But those who are concerned about the over-reach of the concept will point out that racial disparities alone do not prove racism. If universities, for example, provide a sizable number of places to blacks and blacks have an equal chance of studying a wide range of fields, are encouraged to do so, and are provided support to do so successfully, then any disparities that continue to exist cannot be easily described as resulting from systemic racism, at least not systemic racism in the university. Yet in the eyes of movement supporters, those who do not attribute every disparity to systemic issues are willfully obtuse. What’s more, the expanded referential scope of the term “systemic racism” is typically attached to demands that the system be thoroughly dismantled and transformed along the lines advocated by movement supporters. If structural racism is the problem, then it follows that structures must be thoroughly transformed, well beyond the DEI policies currently in effect. If no one raises objections to the advocacy of structural transformation for fear of being accused of supporting racism, the movement’s diagnostic and prognostic language is left to fill the void.

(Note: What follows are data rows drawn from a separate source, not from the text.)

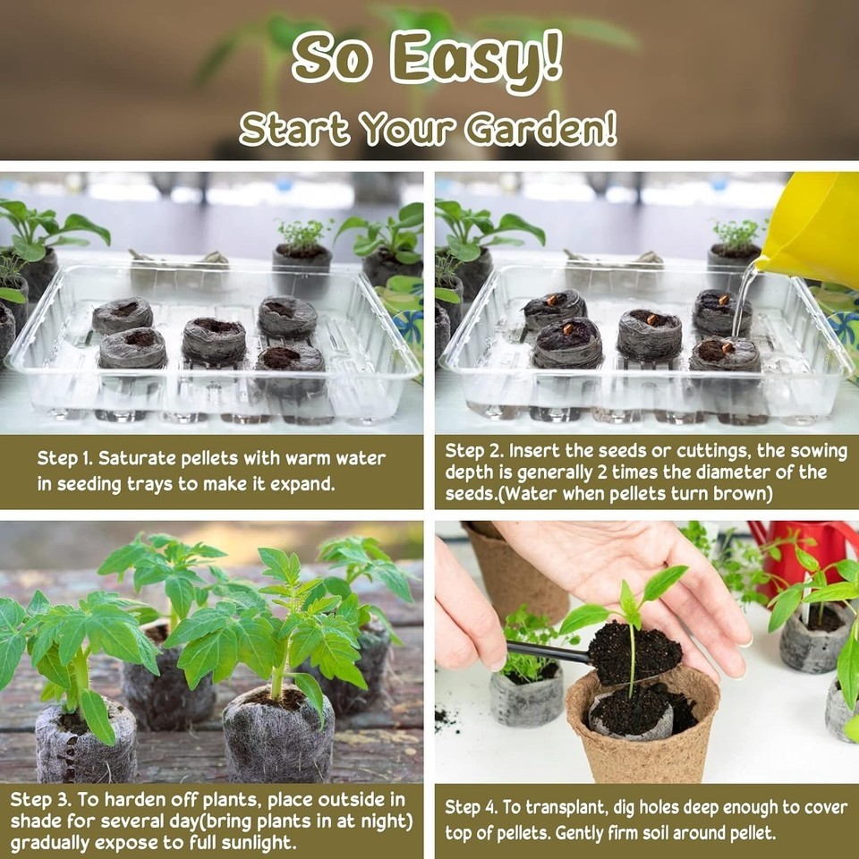Transform your gardening experience with our Peat Seed Starting Pellets. Crafted from superior peat, these pellets are designed for optimal germination and growth, providing a nurturing environment for your plant's roots. Easy to use and eco-friendly, your seedlings will thrive with minimal effort, letting you enjoy the fruits (and vegetables!) of your labor sooner! Don't miss this chance to elevate your gardening journey?order your set of Peat Seed Starting Pellets today!
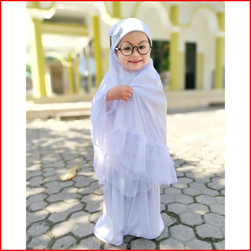 Sitistory - Mukena Anak Perempuan Tk Sd Usia Umur 1 2 3 4 5 6 7 8 Tahun Polos Pita Renda Kopel Putih
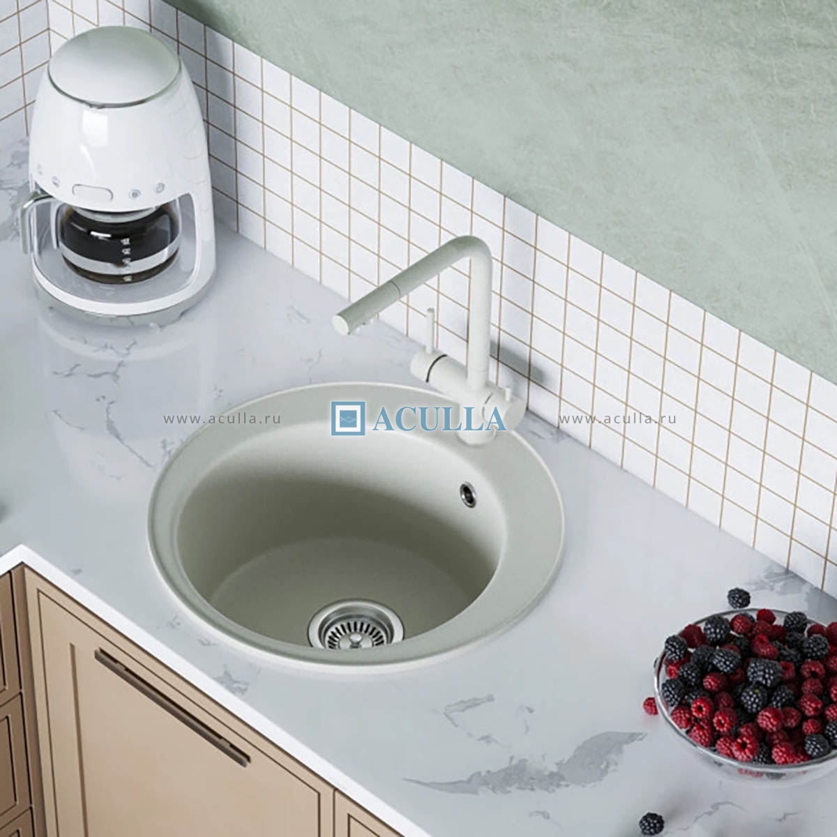 • Классическая кухонная мойка Акватон Шелли изготовлена из литого мрамора круглой формы с едва заметным бортиком, защищающим от разлива воды
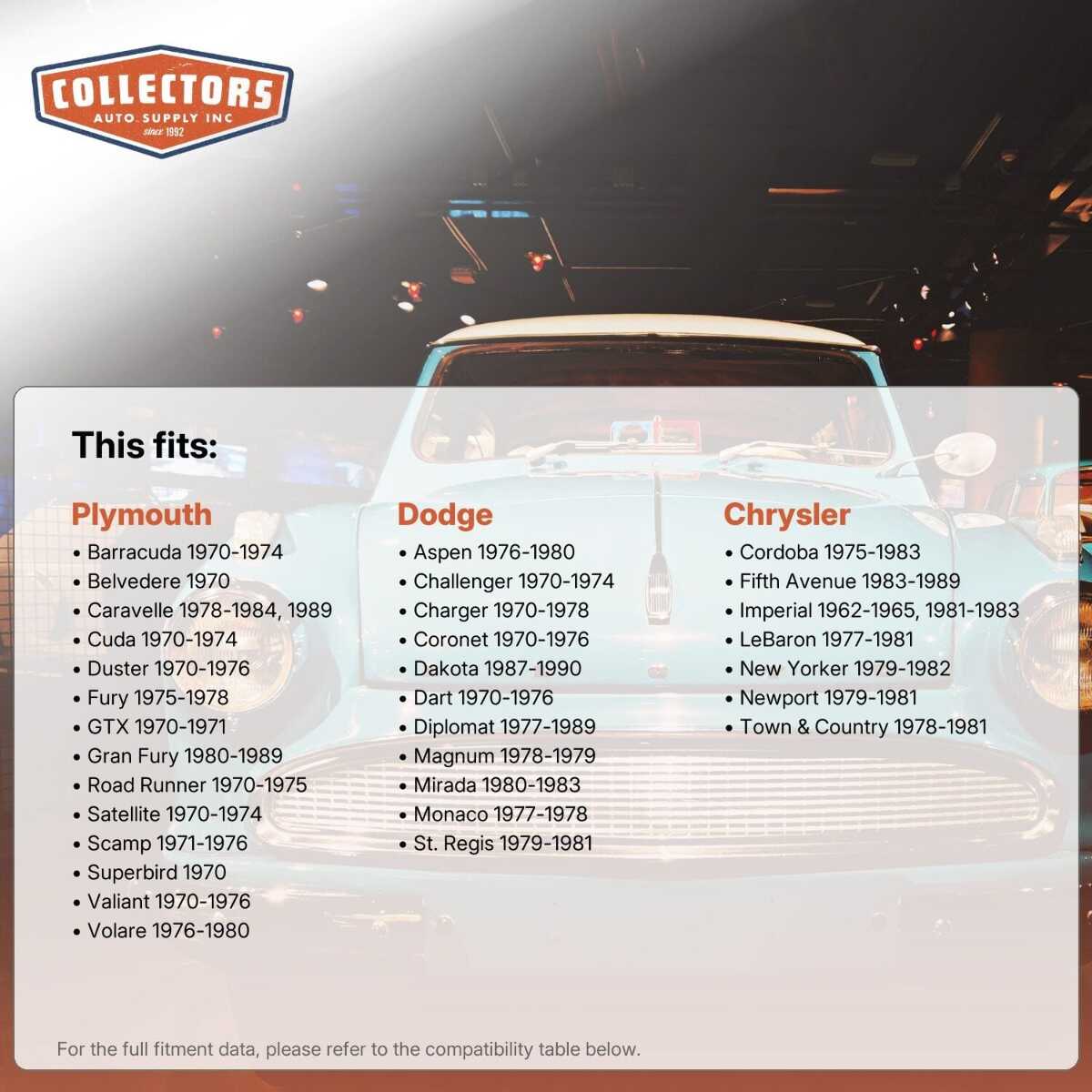 Collectors Auto Supply offers premium replacement auto parts and the experience to get you the right parts for your vehicle. Our group of experts has a combined knowledge of more than a half-century specializing in classic restoration components. Together, we’ve been making old rides new again for more than 25 years.

Like structural racism, the term “white supremacy” has been subject to concept creep. It has an accepted meaning as a system of relationships based on a racial hierarchy with whites at the top of the structure. In apartheid South Africa and the Jim Crow American South, white supremacy was a legal system enforcing the status of every white person as superior to every non-white person. White supremacy could also be an attitude consistent with such a structure. The Trump years have made clear that the United States is home to hundreds of thousands, and more likely millions of white supremacists in the accepted meaning of the term. They have proven to be a major threat to democratic institutions, as well as to the well-being of minorities. The term is still used in these widely-accepted ways, but on campus the term is also now frequently used more loosely. A person may, for example, be considered a “white supremacist” if s/he disagrees with the demands of the campus Black Student Union to reallocate the campus police budget to mental health experts. When demands are taken as necessary to dismantle “white supremacy,” those who question demands are by implication aligned with this supremacy. Like “systemic racism,” the use of the term “white supremacist” has migrated beyond its accepted definition. Any structures or practices that movement activists disapprove can be rendered as exemplary of white supremacy, and the term has at times been weaponized as a derogatory label to shame and intimidate those whose reasoning does not coincide with that of anti-racist activists.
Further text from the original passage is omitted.